WHO zaleca, by maski składały się z trzech różnych warstw. Badania naukowe pokazują też, że najskuteczniej z patogenami radzą sobie maski wyposażone w filtry węglowe o minimalnym wskaźniku N95. Oznacza to, że na włókninie filtrującej zatrzymuje się przynajmniej 95 proc. wirusów i bakterii oraz innych cząsteczek o wielkości 0,2 µm. W porównaniu zwykła bawełniana osłona absorbuje co najwyżej 20 proc. patogenów. – Co ważne, maseczek nie nosimy cały czas. Dobrze robić przerwy. Nie zapominajmy też o odpowiedniej jej dezynfekcji. Wirusy, grzyby i bakterie mogą się na niej osadzać. W czasie używania zawilgaca się też jej wnętrze. Więc po pierwsze, przed zdjęciem maski myjemy ręce i staramy się nie dotykać jej części zewnętrznej. Samą maskę najlepiej uprać lub wyczyścić płynem na bazie alkoholu, natomiast skutecznym sposobem dezynfekcji filtra jest jego „wypiekanie” przez 30 minut w piekarniku nagrzanym do 70 stopni – radzi Agnieszka Pałac z firmy Medpatent.

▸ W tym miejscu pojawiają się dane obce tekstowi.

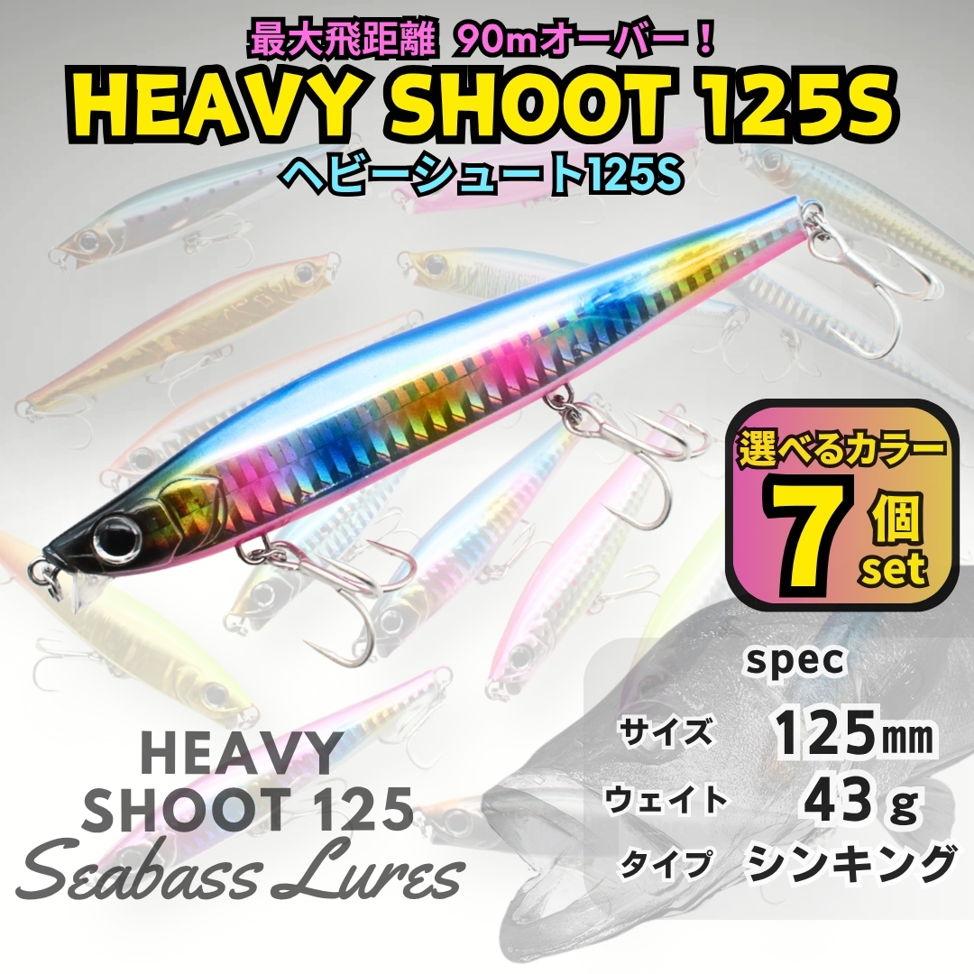 - 【送料無料】ヘビーシュート125S 43g 7個セット シーバスルアー ヘビーシンキングペンシル ヘビーショット好きに!青物対応 ジグミノー

Co jeszcze robić, by zmniejszyć ryzyko zakażenia? Jak najmniej używajmy dłoni. Powitanie łokciem od dwóch miesięcy nikogo nie dziwi. Ta część ciała świetnie nadaje się też do otwierania drzwi, a nawet wciskania guzików w windzie. Kod PIN możemy wbić kostkami zamiast opuszkami palców. I jeśli tylko się da, korzystajmy z opcji automatycznych. Światła na przejściach i drzwi w komunikacji działają bez naszego udziału. Mimo zniesienia limitów dotyczących liczby osób w sklepie, zachowajmy dystans. Odsunięcie się od kogoś w kolejce nie jest obecnie czymś dziwnym, a wręcz oczekiwanym. W trosce o siebie i innych nie dotykajmy produktów w sklepie gołą dłonią. A w domu wszystko, co można, warto porządnie umyć lub przetrzeć ściereczką nasączoną płynem dezynfekcyjnym. Należy regularnie dezynfekować telefon i swój samochód, szczególnie kierownicę oraz dźwignię zmiany biegów. I oczywiście jak najczęściej myć ręce.